Законам истории, законам общественной жизни нельзя сказать: ваша власть простирается только досюда, а дальше идет моя независимая от вас область. Круг самых дорогих друзей Пушкина был разбит после-декабрьским правительственным террором. Иные из близких ему людей в качестве преуспевших сановников сами оказались активными душителями просвещения и врагами гуманности. Другие друзья, с которыми Пушкин был связан после 14 декабря 1825 года, из благожелательности к поэту, из дружбы к нему, оберегая его, глушили его свободолюбие, оригинальные и сильные черты его гения. Они сами – из субъективно лучших побуждений – были звеньями той цепи, которая держала Пушкина на привязи к двору и свету. О Карамзине сам поэт говорил, что он под конец был ему чужд. (Переписка, том II, стр. 220.) Жуковский приглаживал произведения поэта, вытравляя из них все, что не могло понравиться Николаю. В стихотворении «Памятник», напечатанном в редакции Жуковского, была выкинута строка: «что в мой жестокий век прославил я свободу». В «Медном всаднике» он заменил слова «пред горделивым истуканом» (относящиеся к статуе Петра Великого) квасным патриотическим выражением «пред дивным русским великаном». Он выкинул из поэмы Пушкина все строки, в которых выражен был бунт Евгения против Петра, чем лишил поэму ее идейного смысла, неприемлемого для Николая и господствующего общества.

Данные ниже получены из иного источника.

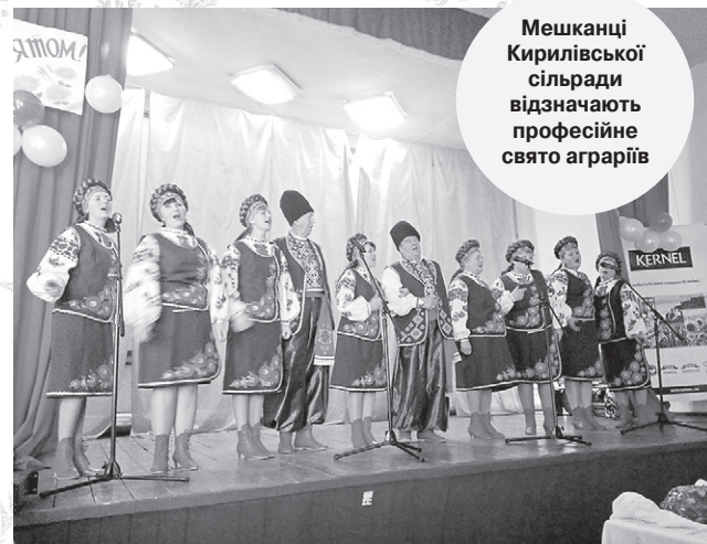
Мешканці Кирилівської сільради відзначають професійне свято аграріїв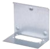
WALL FASTENING PLATE Seinäasennuskiinnike (9916062) SSSL 3420009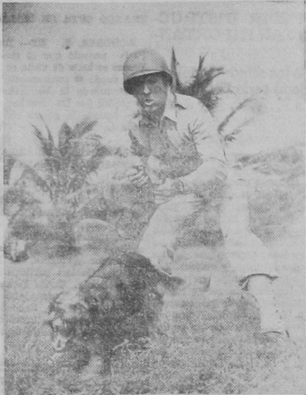
Uno de los magníficos ejemplares de perros que posee el ejército de los Estados Unidos para el servicio de vigilancia de las zonas militares. Esta fotografía fué tomada en la Zona del Canal.

Наконец, власть света, придворно-дворянского общества и его законов оплетала Пушкина через посредство его семейной жизни. Через кругозор и интересы Натальи Николаевны Гончаровой-Пушкиной она входила внутрь его дома. Уйти от враждебной действительности некуда было. Если бы даже Пушкину удалось уехать в деревню, в другой город, – все равно оковы звенели бы на ногах поэта. Оставалось только попытаться разорвать цепь. Пушкин и сделал это в своеобразной форме, вызвав на смертный поединок Дантеса. Но цепь была сильнее усилий Пушкина, разорвать ее для него было невозможно, – в стремлении к освобождению он мог только погибнуть.

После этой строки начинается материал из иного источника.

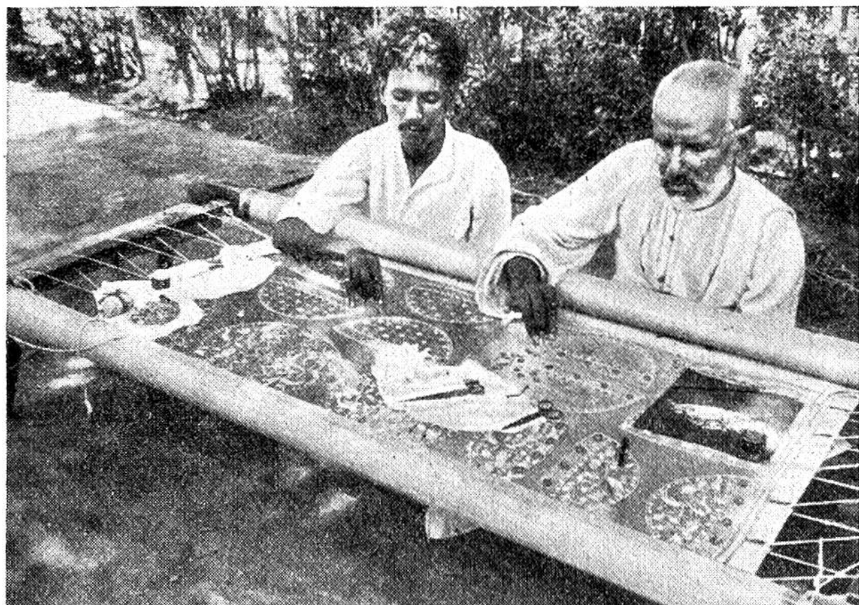
Dies ist eine „Fabrik“ für den Export der in aller Welt bewunderten und begehrten indischen Stickereien.

Die schönen Batiktücher etwa werden von den eingeborenen Frauen mit Hingabe und Kunstsinn von Hand gewoben, bedruckt oder mit Farben bemalt, die ihrerseits wieder aus Wurzeln, Rinde, Blättern, Früchten oder Blüten gewonnen werden. In der Hauptsache werden schwarze, rote, braune und gelbe Farben in harmonischer Tönung und in geometrischen Figuren zusammengestimmt. Die Zeichenkunst ist daher als Voraussetzung solcher Malkunst von altersher bei den primitivsten Völkerschaften des Ostens erstaunlich entwickelt.

Идеологическое содержание конфликта поэзии и жизни Пушкина с действительностью мы установили. Теперь мы можем приступить к изучению классового смысла этого конфликта.

Социальный смысл конфликта Пушкина с действительностью

Противоречия творчества Пушкина не случайны. Они – преломление или даже прямое отражение противоречий, существовавших в действительности. К творчеству Пушкина методологически применимо положение Ленина, сформулированное им при анализе творчества Льва Толстого: «Противоречия во взглядах Толстого – не противоречия его только личной мысли, а отражение тех в высшей степени сложных, противоречивых условий социальных влияний, исторических традиций, которые определяли психологию различных классов и различных слоев русского общества в пореформенную, но дореволюционную эпоху». (Ленин, том XIV, стр. 402.) Чтобы не сделать ошибок при применении этого необычайно важного положения Ленина для оценки творчества Пушкина, необходимо учесть разницу эпох, в которых жили оба гениальных писателя, о которых идет речь. Эпоха Толстого – это «эпоха после 1861 и до 1905 гг.» (Ленин, том XV, стр. 100.) Пушкин же жил в эпоху еще менее зрелых классовых взаимоотношений, он умер задолго до начала реформ 60-х годов. Главная часть его жизни приходится на период после 14 декабря 1825 года; свои самые зрелые произведения Пушкин создавал в обстановке реакции, после неудачной революции декабристов, когда политическое оформление и осознание социальных противоречий было чрезвычайно затруднено. Этим и объясняется, что многие уже существовавшие конфликты действительности находили отражение в творчестве Пушкина не в прямой форме, а в отвлеченной или косвенной, часто так, что трудно сразу заметить соответствие между тематикой и характером его произведений и социальными причинами, их породившими. Только методом марксизма можно проследить сложную зависимость творчества Пушкина от народившихся уже, но еще недостаточно развитых социальных противоречий.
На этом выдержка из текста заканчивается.